Quest Status: 703 / 1000
TSPDT Rank #500
An early-20th century aristocratic woman is reimagined as a 17th-century English nobleman who mysteriously becomes a woman on her 400-year-long journey into the present. Being an unconventional historical fantasy featuring an androgynous actor in the lead role and directed by a woman, it's not a shock that Orlando isn't more well known. To put it in context, remember that at the time of its release, Basic Instinct was riding a wave of sexual controversy, with its brilliant but dangerous bisexual female villain and her provocative leg crossing shot. But what about a film that features a woman playing a man, who transforms into a woman mid-way through the film without warning, only to proclaim "Same person. No difference at all... just a difference sex."Basic Instinct was the source of much debate and controversy at the time of its release, although Orlando gives the viewer just as much material for consideration and discussion, without the sensational cheap thrills. Orlando (Tilda Swinton) is not a pathological killer, nor is his ambiguous sex portrayed as devious or threatening. He drifts through four centuries almost unnoticed - an unimportant aristocrat who lives a life of leisure and privilege.
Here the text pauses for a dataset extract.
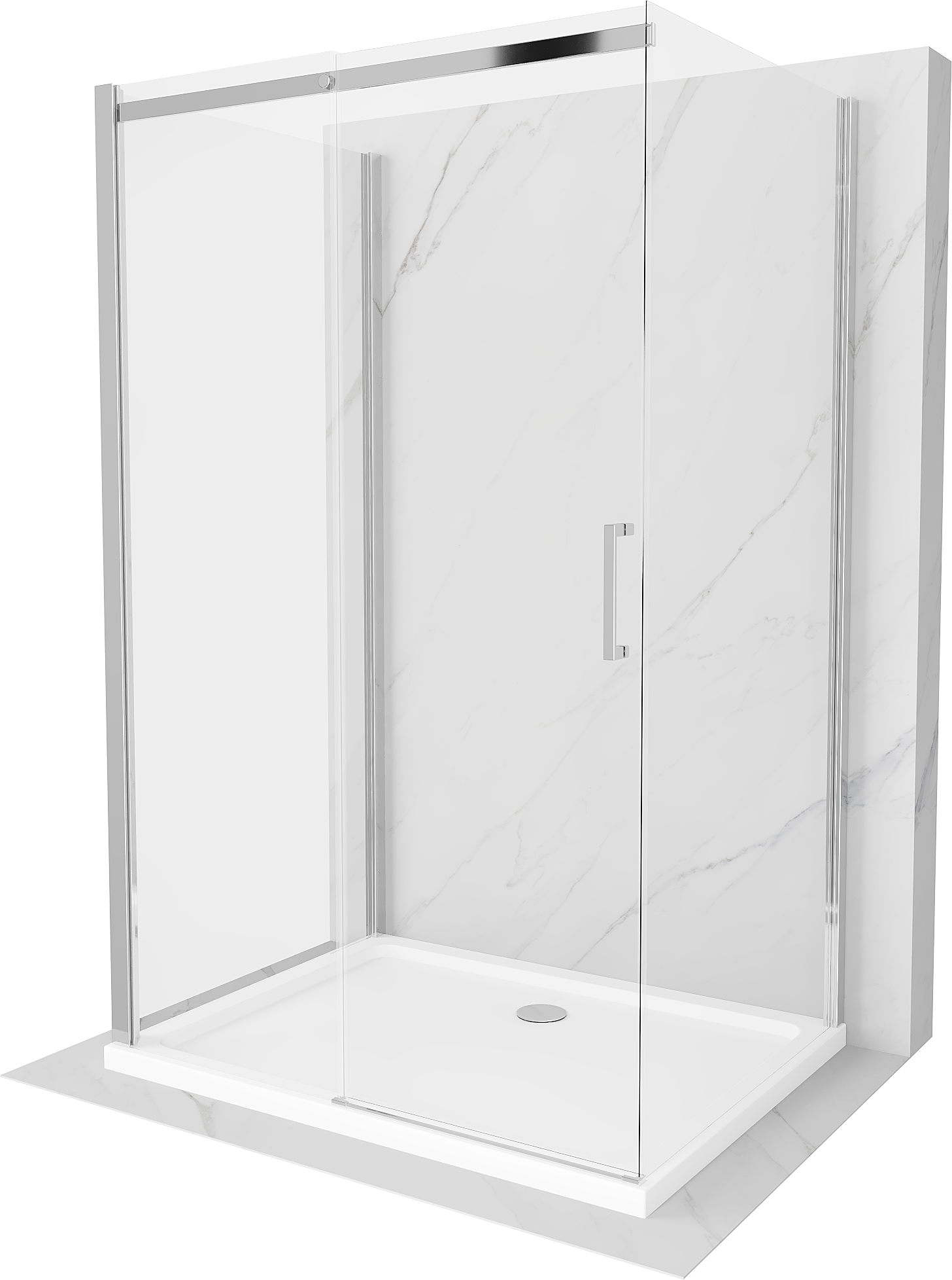Mexen Omega-3S 3-seitige Duschkabine, Schiebetür 140x90 cm, transparent, Chrom + Duschwanne Flat - 825-140-090-01-00-3s-4010

Sally Potter covers these four centuries briskly, using thematic intertitles such as "Love," "Poetry," and "Politics" to convey shifts in Orlando's life and the accompanying jumps in time. As a result, Orlando often feels like a series of vignettes, a capsule history of England seen through the eyes of the ruling classes.
Based on a novel by the great English writer Virginia Woolf, with the titular character modeled on Woolf's real-life friend and lover Vita Sackville-West, Orlando portrays history not with the sweeping narrative devices of most historical epics, but with the delicate touch of a character study. Orlando has experiences which transcend time and age, but here they are captured as snapshots in a single life, individual moments in time which flow into one another in a cycle which eventually leads us back to the beginning. Orlando is a masterpiece of simplicity, never overwhelming the viewer or forcing ideas into their heads. Orlando is a symbolic character, just as believable a man as she is a woman, whose importance as a trans figure lies in her matter-of-fact gender fluidity. In this sense, audiences today might still not be ready for the ambiguity and fleeting beauty of Sally Potter's time and gender-defying ode to the English aristocracy.